■ Exercise details
Write the listing below out again word for word, without a single picture.

■ Data records
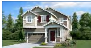
SQ: Sequoia II 5 Bed / 3.5 Bath / 2,989 sq. ft.
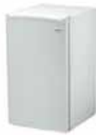
XT900 REFRIGERATOR 4.1 CF Black, White 19"Wx18"Dx32"H
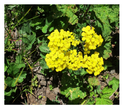
Alpine smelowskia and alpine wallflower on Mt. Townsend.
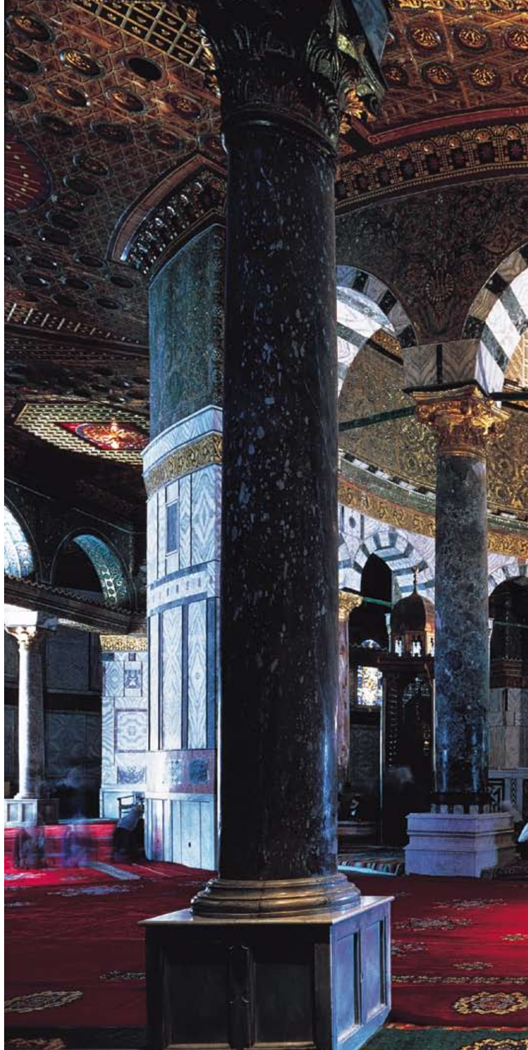
63 The interior of the Dome of the Rock
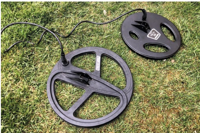
11" DD and 8x9" CC search coils that come with the Rutus.
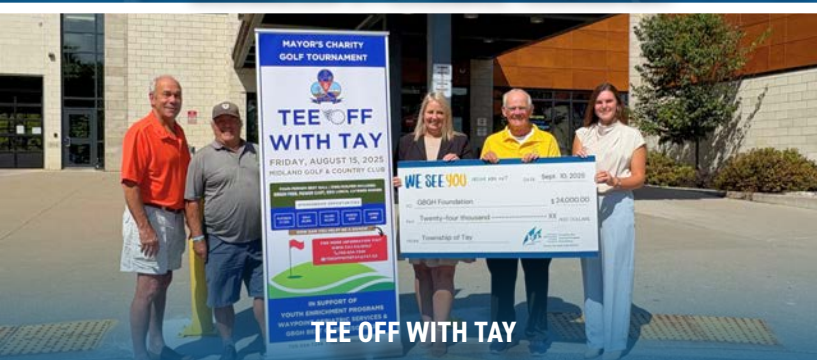
TEE OFF WITH TAY
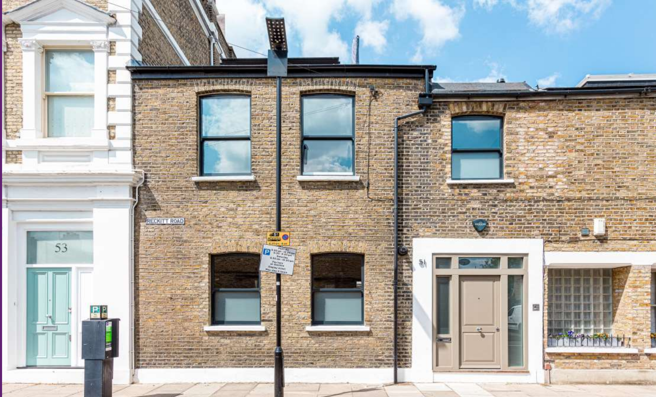
Reckitt Road London, W4
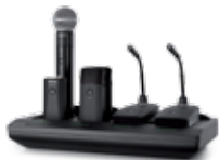
MICROFLEX® WIRELESS Wireless Microphone Systems
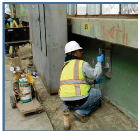
Radiological scanning of building walls
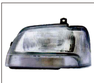
HEAD LAMP 930.SZ1119 R 35100F-77A01 L 35300F-77A01
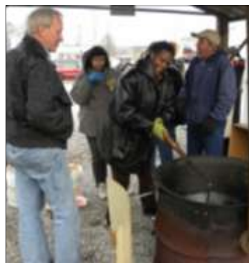
After having a hand at stirring and watching a batch of popcorn pop, she was excited to have some "she made herself!"
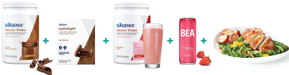
Image is an example only - Shake Days are customisable based on your preferences and goals.
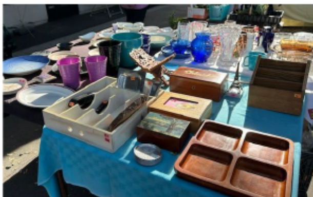
(Different trays and plates being sold)

The Torrance Antique Street Fair came in October 1998 and has been growing ever since. It attracts a lot of people to the downtown part of Los Angeles each month. Shoppers and vendors alike like the laid-back alternative to swap meets.
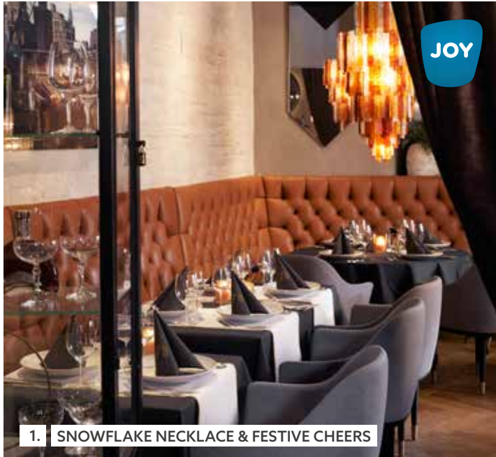
1. SNOWFLAKE NECKLACE & FESTIVE CHEERS
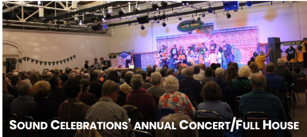
SOUND CELEBRATIONS' ANNUAL CONCERT/FULL HOUSE
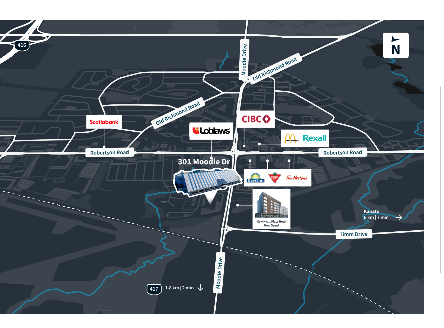
301 Moodie Drive is situated between Highway 416 on the east and the Highway 417 to the north, excellent bus service connecting to Bayshore Shopping Centre, Kanata, and Downtown.
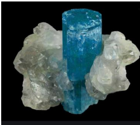
Aquamarine in Calcite
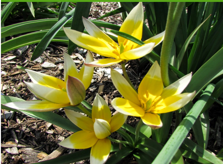
HAPPY SPRING !
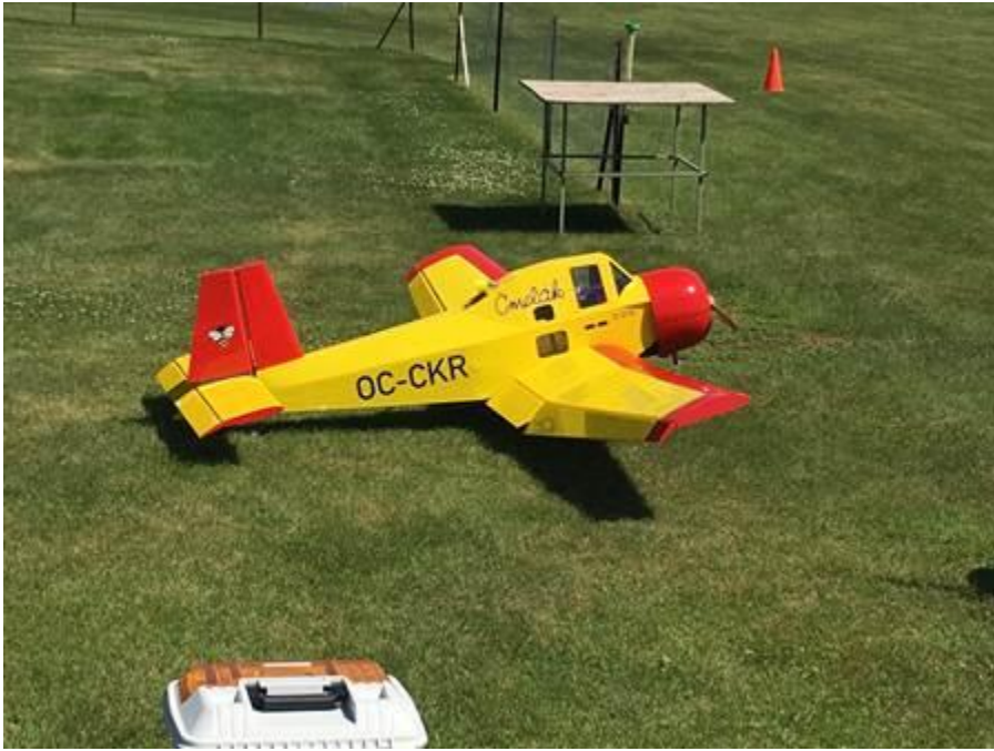
One of the 7 meter sail planes
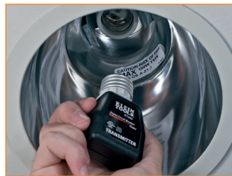
Light Socket Adapter

⚠WARNING: Read, understand, and follow all instructions, cautions and warnings attached to and/or packed with all test and measurement devices before each use.
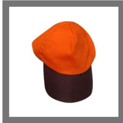
Corporate Orange And Chocolate Cap
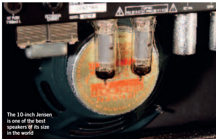
The 10-inch Jensen is one of the best speakers of its size in the world

While only six watts, the Harlequin is the product that rekindled interest in low-output valve combos and so will certainly be on any Laney buyer's shortlist. Its large cabinet and 12-inch Celestion Vintage 30 speaker gives it a big, open sound rarely found in low-wattage amps. The Essex Blonde from Hayden (née Ashdown) is a sweet-sounding, good-looking eight-watt in cream Tolex that shares the VC15's 10-inch driver ethos. Marshall doesn't make a direct rival to the VC30, but the AVT range uses an ECC83 preamp valve to create realistic tones. The great value AVT20 also features a CD input for practice and a speaker-emulated DI output for recording
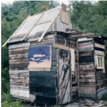
Ursula Schulz-Dornburg, Image from Huts, Temples, Castles (MACK, 2022).
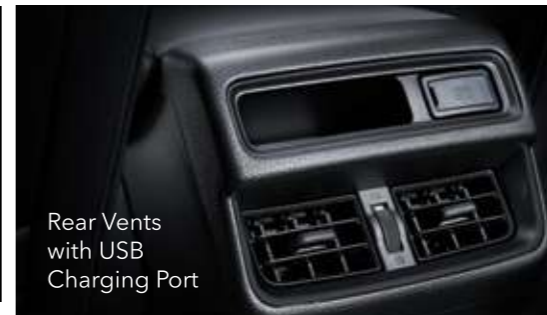
Rear Vents with USB Charging Port
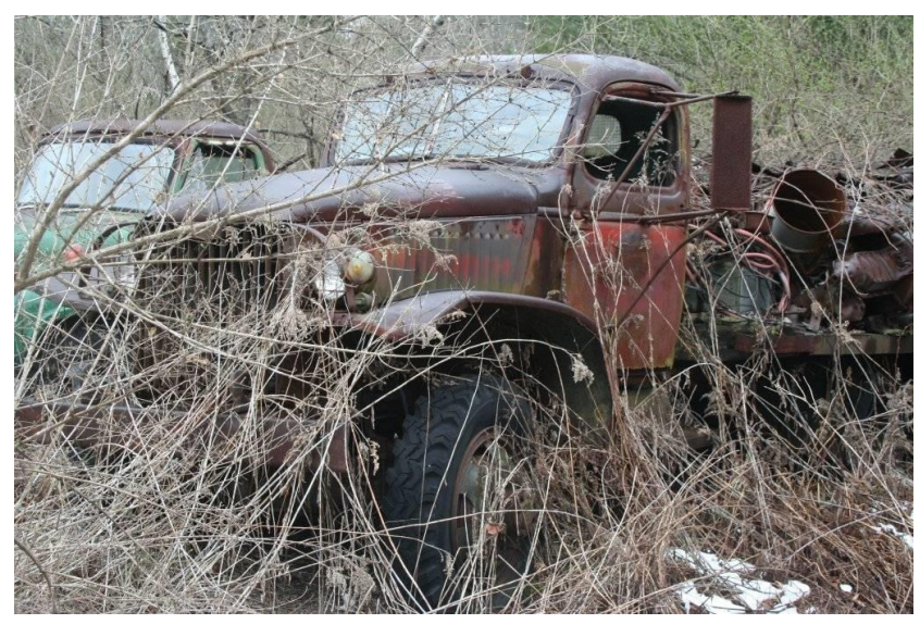
What truck is it?
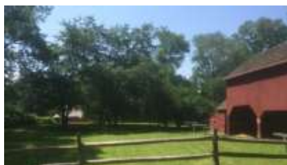
View of the Wick Farm
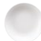
Butter Dish 11cm - 3211 301

■ Reply
SQ: Sequoia II 5 Bed / 3.5 Bath / 2,989 sq. ft.
XT900 REFRIGERATOR 4.1 CF Black, White 19"Wx18"Dx32"H
Alpine smelowskia and alpine wallflower on Mt. Townsend.
63 The interior of the Dome of the Rock
11" DD and 8x9" CC search coils that come with the Rutus.
TEE OFF WITH TAY
Reckitt Road London, W4
MICROFLEX® WIRELESS Wireless Microphone Systems
Radiological scanning of building walls
HEAD LAMP 930.SZ1119 R 35100F-77A01 L 35300F-77A01
After having a hand at stirring and watching a batch of popcorn pop, she was excited to have some "she made herself!"
Image is an example only - Shake Days are customisable based on your preferences and goals.
(Different trays and plates being sold)

The Torrance Antique Street Fair came in October 1998 and has been growing ever since. It attracts a lot of people to the downtown part of Los Angeles each month. Shoppers and vendors alike like the laid-back alternative to swap meets.
1. SNOWFLAKE NECKLACE & FESTIVE CHEERS
SOUND CELEBRATIONS' ANNUAL CONCERT/FULL HOUSE
301 Moodie Drive is situated between Highway 416 on the east and the Highway 417 to the north, excellent bus service connecting to Bayshore Shopping Centre, Kanata, and Downtown.
Aquamarine in Calcite
HAPPY SPRING !
One of the 7 meter sail planes
Light Socket Adapter

⚠WARNING: Read, understand, and follow all instructions, cautions and warnings attached to and/or packed with all test and measurement devices before each use.
Corporate Orange And Chocolate Cap
The 10-inch Jensen is one of the best speakers of its size in the world

While only six watts, the Harlequin is the product that rekindled interest in low-output valve combos and so will certainly be on any Laney buyer's shortlist. Its large cabinet and 12-inch Celestion Vintage 30 speaker gives it a big, open sound rarely found in low-wattage amps. The Essex Blonde from Hayden (née Ashdown) is a sweet-sounding, good-looking eight-watt in cream Tolex that shares the VC15's 10-inch driver ethos. Marshall doesn't make a direct rival to the VC30, but the AVT range uses an ECC83 preamp valve to create realistic tones. The great value AVT20 also features a CD input for practice and a speaker-emulated DI output for recording
Ursula Schulz-Dornburg, Image from Huts, Temples, Castles (MACK, 2022).
Rear Vents with USB Charging Port
What truck is it?
View of the Wick Farm
Butter Dish 11cm - 3211 301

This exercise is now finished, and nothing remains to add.